2) Self-calibration: no magic constants

The queue ODE gives the right shape but not the absolute gradient scale. Each run we measure the uncalibrated straight-line deflection and match it to the analytic GR result \( \delta\theta_{\rm GR}=4GM/(bc^2) \). That produces a live factor \(k_{\rm eff}\) used everywhere.

Per-run normalization

This is a per-run normalization, derived from the current sliders. Nothing is hardcoded.

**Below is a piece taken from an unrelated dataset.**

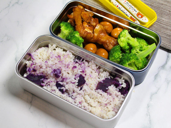 大米3杯;紫薯1根;鸡腿3只;西兰花100克;鹌鹑蛋10只;

3) Photon bending via Fermat

We propagate the ray’s direction \(\hat{\mathbf{k}}\) with the transverse gradient of \(n(r)\):

\( \displaystyle \mathbf{k}' = \frac{\nabla n - (\hat{\mathbf{k}}\!\cdot\!\nabla n)\,\hat{\mathbf{k}}}{n} \)
Ray tracing with calibrated gradients

4) Orbit precession (1-PN reference)

The orbit panel is a GR 1-PN reference using the Binet equation for \(u(\phi)=1/r\), integrated with RK4. Perihelia are found by true local minima refined by a quadratic fit, then a regression over all perihelia estimates the per-orbit precession.

Binet + perihelion refinement

What to look for

  • Metrics panel: toggle “magnify \( \alpha,\psi \)”. The queue curves overlap the exact isotropic reference after calibration.
  • Photon panel: enable “magnify view” to see the tiny bend. The chip turns green when the measured deflection matches \(4GM/(bc^2)\).
  • Orbit panel: the orange dots mark refined perihelia. The chip compares measured precession to \(6\pi GM/[a(1-e^2)c^2]\).
  • Presets: defaults show a generic case, “Mercury-like” tightens steps for a clean precession measurement.
No hidden constants

The only normalization is computed live each run by matching the straight-line integral to the analytic GR angle. Change any slider and it recalibrates.